Task to complete: Using the data below, print exactly the line with "Variation in total", the line with "图表:调查显示:近四成学生上学日不上网休闲", and every line between them, but none of the pictures.

+-------+

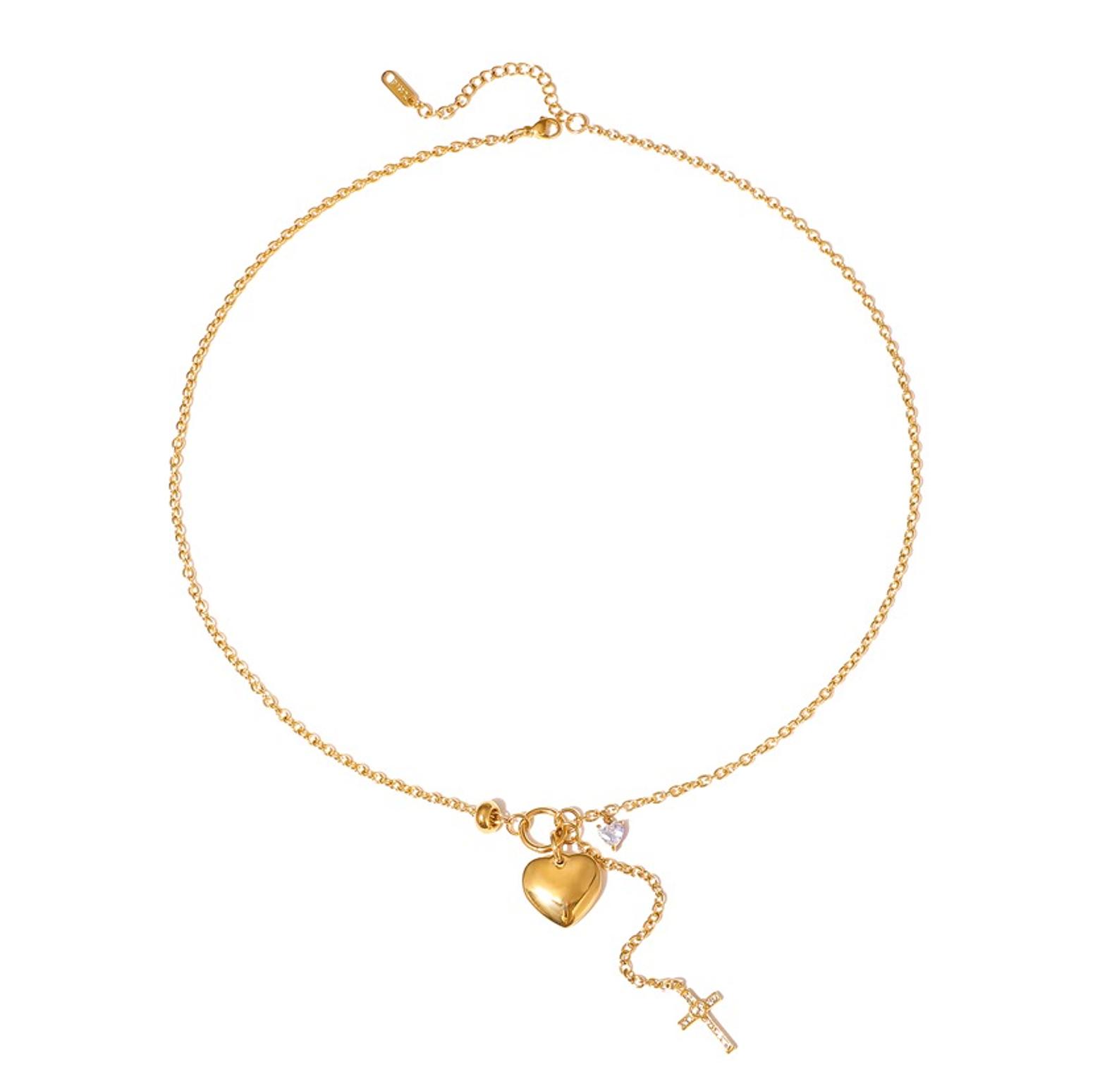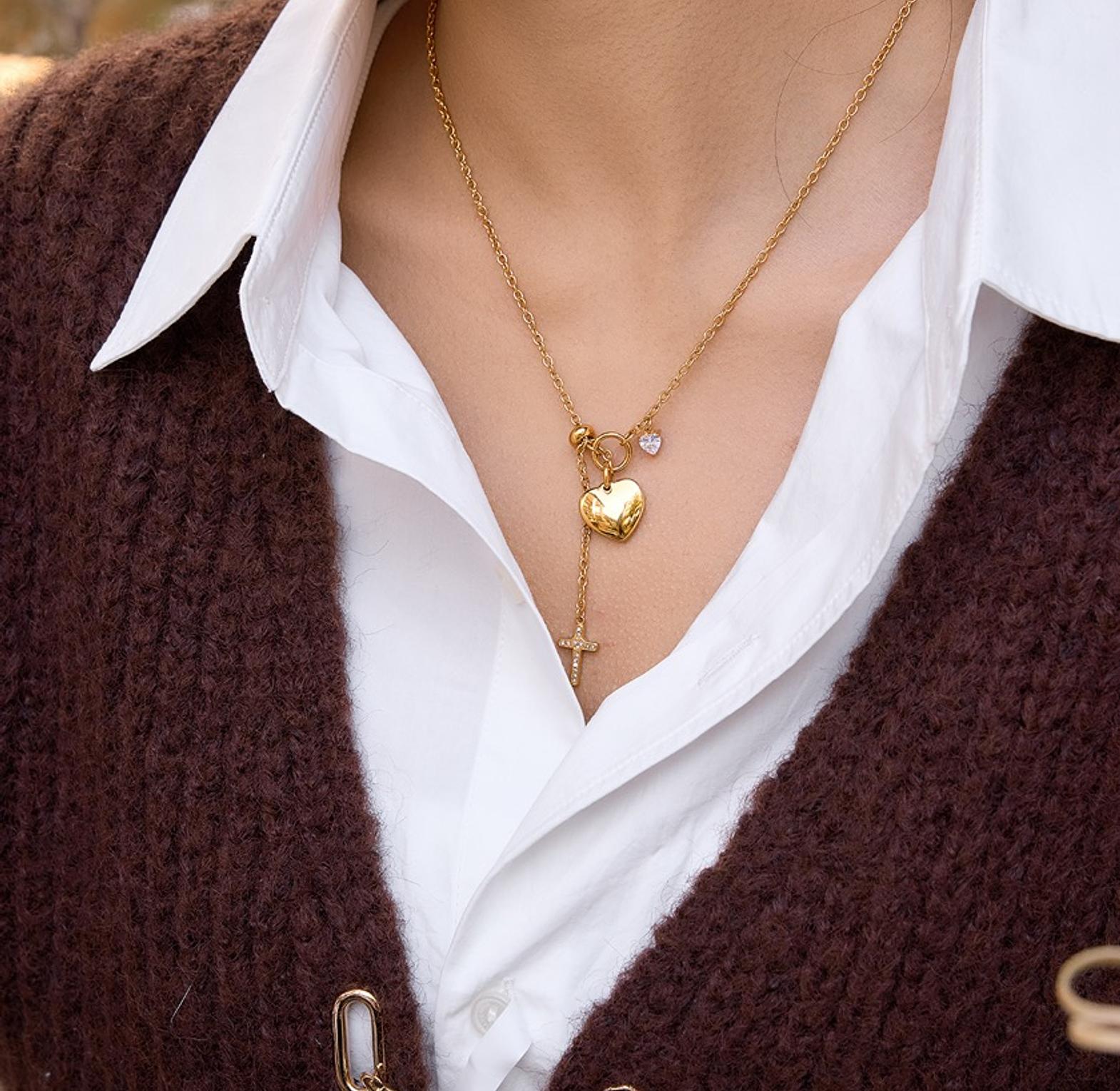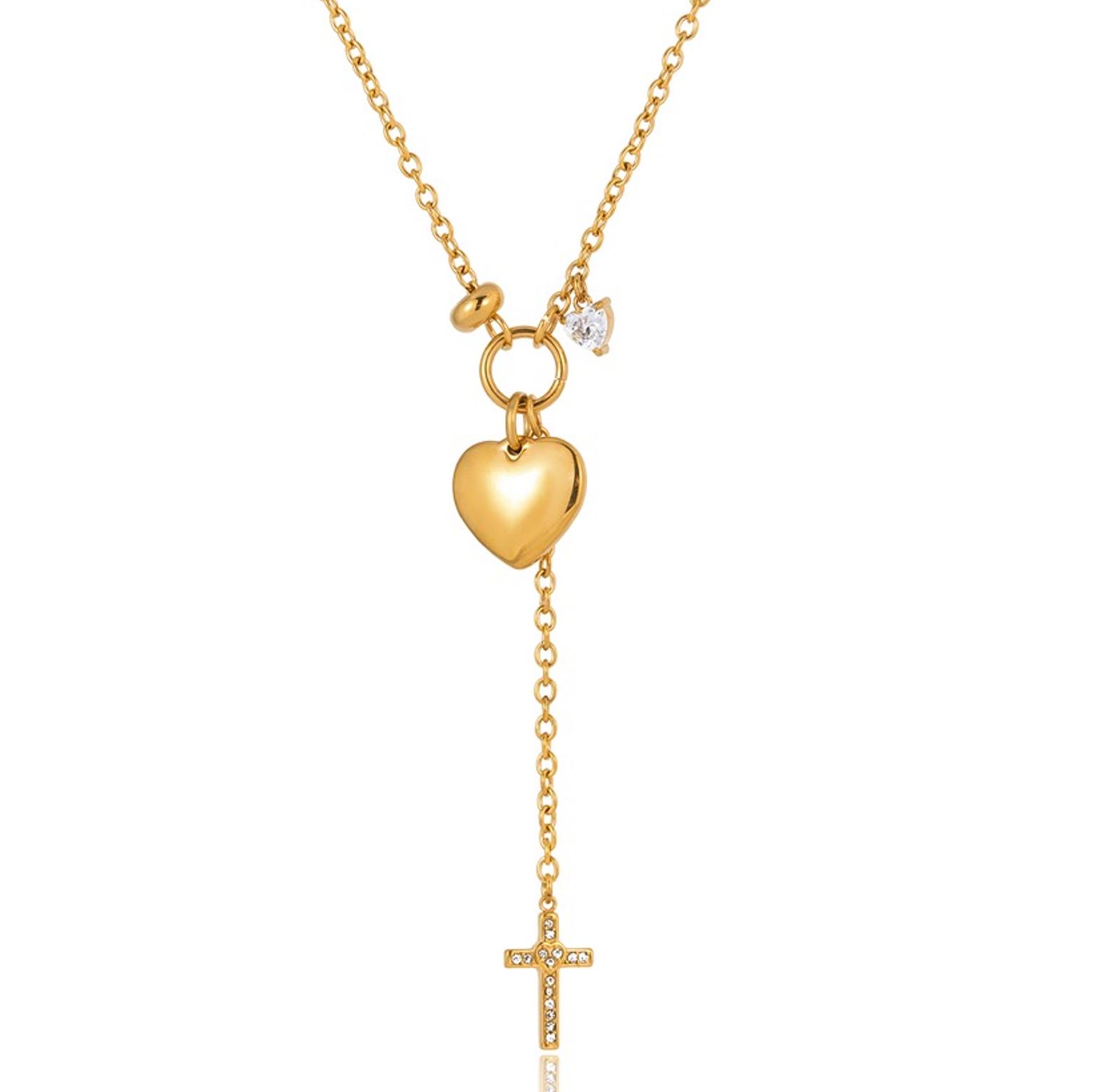 A timeless gold necklace featuring a heart, pearl, and cross — a symbol of love and faith.
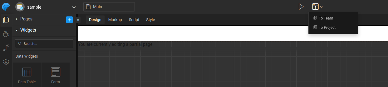 • Publish to Workspace (only for non-enterprise version) - Once published to workspace the Prefab will implicitly be available for use across all projects within the developer's workspace.
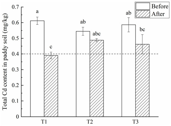 Variation in total Cd content in the soil of experimental groups before and after treatment (T3 was control group). Different letters above the error lines indicate significant differences (p < 0.05). The dashed line indicates the legal limit of Cd in the agricultural soil (0.4 mg/kg is derived from the Chinese national standard GB 15618-2018).
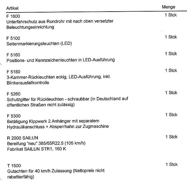 Achszahl 2 Aufbau Stahl Bereifung 650 55R26 5 BKT FLOTATION RADIAL Ladevolumen 30 50 zul Gesamtgewicht 24 Bordwandaufsatz abklappbar 1 Muldenlänge ca 7 000mm anstatt 5 200mm Ölbedarf 34 4l verstärkte Achsen und Federn empfohlen 1 Bordwandaufsatz Stahl 500mm rundum abklappbar und abnehmbar mit Sichtfenster vorn nicht getreidedicht 1 Sichtfenster mit ...
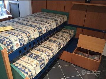 - 2 Letti sovrapponibili e scorrevoli su boiserie comprensivi di pianale legno e materasso H18
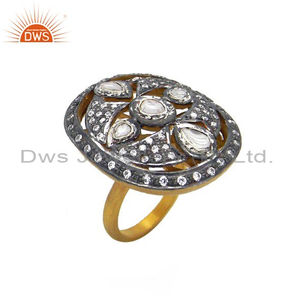 24K Matte Gold Plated Sterling Silver Cz Crystal Polki Victorian Cocktail Ring
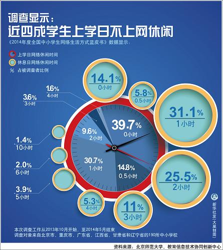 图表:调查显示:近四成学生上学日不上网休闲
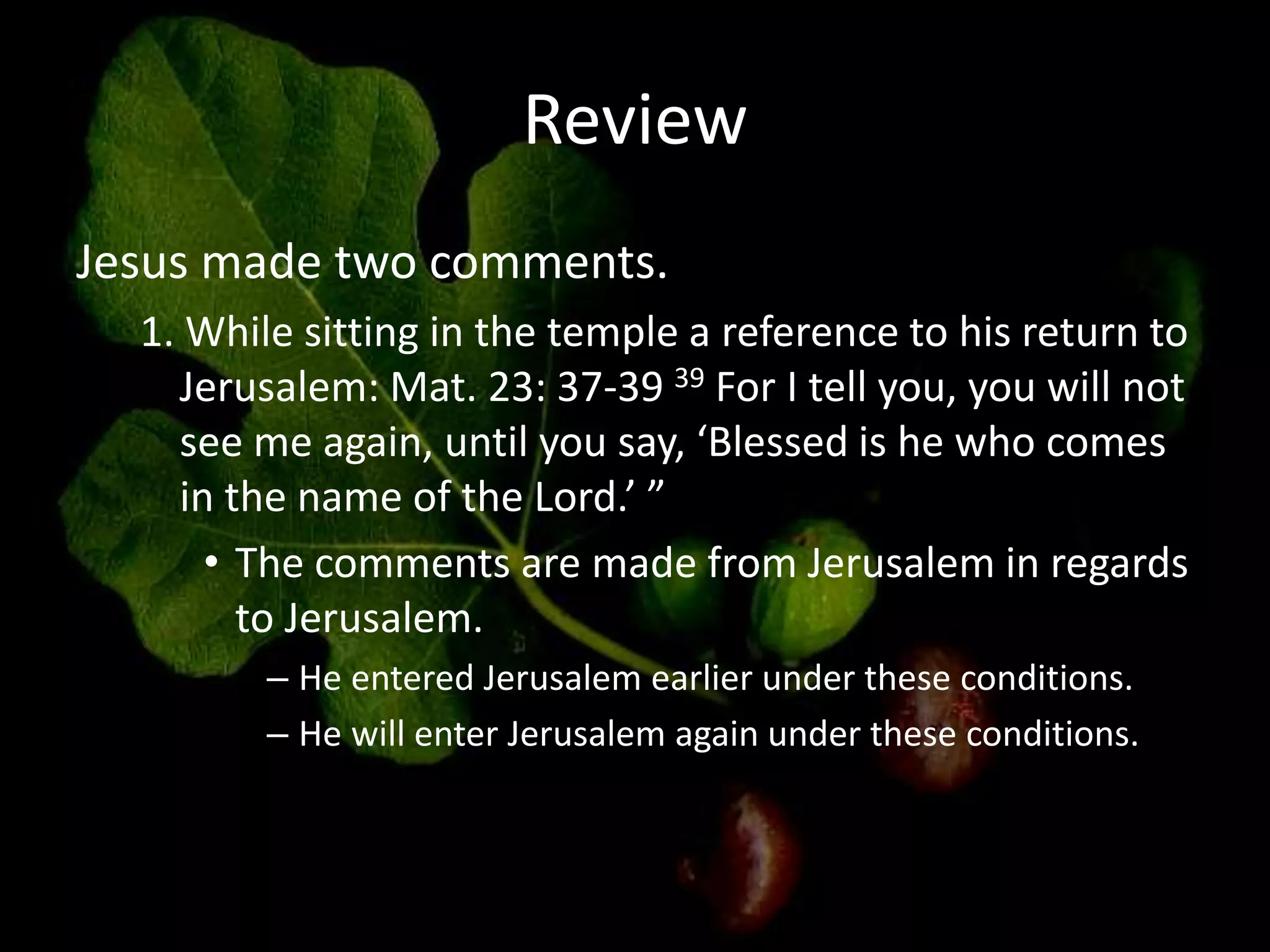 The document discusses Jesus' Olivet Discourse, particularly focusing on the signs of his coming and the close of the age, as recorded in Matthew 24:29-35. It highlights the disciples' questions about the timing of these events and their link to the destruction of the temple, anticipating the establishment of Christ's kingdom. The text emphasizes prophetic allusions from the Old Testament, detailing the signs that would precede Christ's return and the gathering of the elect from all nations.
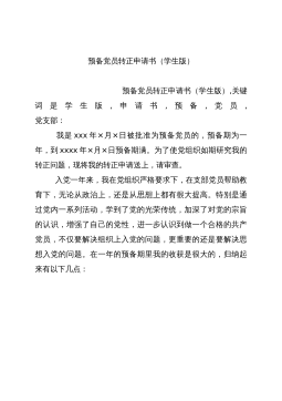 预备党员转正申请书(学生版)预备党员转正申请书(学生版),关键词是学生版,申请书,预备,党员,党支部:我是xxx年×月×日被批准为预备党员的,预备期为一年,到xxxx年×月×日预备期满。为了使党组织如期研究我的转正问题,现将我的转正申请送上,请审查。入党一年来,我在党组织严格要求下,在支部党员帮助教育下,无论从政治上,还是从思想上都有很大提高。特别是通过党内一系列活动,学到了党的光荣传统,加深了对党的宗旨的认识,增强了自己的党性,进一步认识到做一个合格的共产党员,不仅要解决组织上入党的问题,更重要的还是要解决思想入党的问题。在一年的预备期里我的收获是很大的,归纳起来有以下几点:第一,明确了共产...

+-------+

Solution:
 Variation in total Cd content in the soil of experimental groups before and after treatment (T3 was control group). Different letters above the error lines indicate significant differences (p < 0.05). The dashed line indicates the legal limit of Cd in the agricultural soil (0.4 mg/kg is derived from the Chinese national standard GB 15618-2018).
 Achszahl 2 Aufbau Stahl Bereifung 650 55R26 5 BKT FLOTATION RADIAL Ladevolumen 30 50 zul Gesamtgewicht 24 Bordwandaufsatz abklappbar 1 Muldenlänge ca 7 000mm anstatt 5 200mm Ölbedarf 34 4l verstärkte Achsen und Federn empfohlen 1 Bordwandaufsatz Stahl 500mm rundum abklappbar und abnehmbar mit Sichtfenster vorn nicht getreidedicht 1 Sichtfenster mit ...
 - 2 Letti sovrapponibili e scorrevoli su boiserie comprensivi di pianale legno e materasso H18
 24K Matte Gold Plated Sterling Silver Cz Crystal Polki Victorian Cocktail Ring
 图表:调查显示:近四成学生上学日不上网休闲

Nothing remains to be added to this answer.